1、查找最晚入职员工的所有信息
select * from employees where hire_date = (select max(hire_date) from employees);2、查找入职员工时间排名倒数第三的员工所有
select * from employees where hire_date = (select hire_date from employees order by hire_date desc limit 2, 1);
limit m, n 表示从第m+1条开始,取n条数据
3、查找各个部门当前(to_date='9999-01-01')领导当前薪水详情以及其对应部门编号dept_no
select s.*, d.dept_no from salaries s, dept_manager d
where s.emp_no = d.emp_no and s.to_date = '9999-01-01' and d.to_date = '9999-01-01';
4、查找所有已经分配部门的员工的last_name和first_name
内连接:select e.last_name, e.first_name, d.dept_no from employees e inner join dept_emp d on e.emp_no = d.emp_no;自然连接:
select last_name, first_name, dept_no from dept_emp natural join employees;
5、查找所有员工的last_name和first_name以及对应部门编号dept_no,也包括展示没有分配具体部门的员工
select e.last_name, e.first_name, d.dept_no from employees e left join dept_emp d on d.emp_no = e.emp_no;
6、查找所有员工入职时候的薪水情况,给出emp_no以及salary, 并按照emp_no进行逆序
select e.emp_no, s.salary from employees e, salaries s
where e.emp_no = s.emp_no and e.hire_date = s.from_date order by e.emp_no desc;
7、查找薪水涨幅超过15次的员工号emp_no以及其对应的涨幅次数t
select emp_no, count(*) from salaries group by emp_no having count(*) > 15;
8、找出所有员工当前(to_date='9999-01-01')具体的薪水salary情况,对于相同的薪水只显示一次,并按照逆序显示
select distinct salary from salaries where to_date = '9999-01-01' order by salary desc;
9、获取所有部门当前manager的当前薪水情况,给出dept_no,emp_no以及salary,当前表示to_date='9999-01-01'
select d.dept_no, d.emp_no, s.salary from salaries s, dept_manager d
where d.emp_no = s.emp_no and d.to_date = '9999-01-01' and s.to_date = '9999-01-01';
10、获取所有非manager的员工emp_no
select e.emp_no from employees e where e.emp_no not in (select emp_no from dept_manager);
11、获取所有员工当前的manager,如果当前的manager是自己的话结果不显示,当前表示to_date='9999-01-01'。结果第一列给出当前员工的emp_no,第二列给出其manager对应的manager_no。

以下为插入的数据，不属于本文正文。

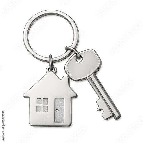 Silver House Shaped Keychain with a Key on a Grey Background home real estate isolated on a transparent background

select d.emp_no, m.emp_no from dept_emp d, dept_manager m where d.dept_no = m.dept_no and d.emp_no <> m.emp_no and d.to_date = '9999-01-01' and m.to_date = '9999-01-01';
12、获取所有部门中当前员工薪水最高的相关信息,给出dept_no, emp_no以及其对应的salary
select d.dept_no, s.emp_no, max(s.salary) as salary from dept_emp d, salaries s
where s.emp_no = d.emp_no and d.to_date = '9999-01-01' and s.to_date = '9999-01-01' group by d.dept_no;
13、从titles表获取按照title进行分组,每组个数大于等于2,给出title以及对应的数目t。
select title, count(*) from titles group by title having count(*) >= 2;
14、从titles表获取按照title进行分组,每组个数大于等于2,给出title以及对应的数目t,注意对于重复的emp_no进行忽略。
select distinct title, count(distinct emp_no) t from titles group by title having t >= 2;
15、查找employees表所有emp_no为奇数,且last_name不为Mary的员工信息,并按照hire_date逆序排列
select * from employees where emp_no%2 = 1 and last_name <> 'Mary' order by hire_date desc;
16、统计出当前各个title类型对应的员工当前薪水对应的平均工资。结果给出title以及平均工资avg。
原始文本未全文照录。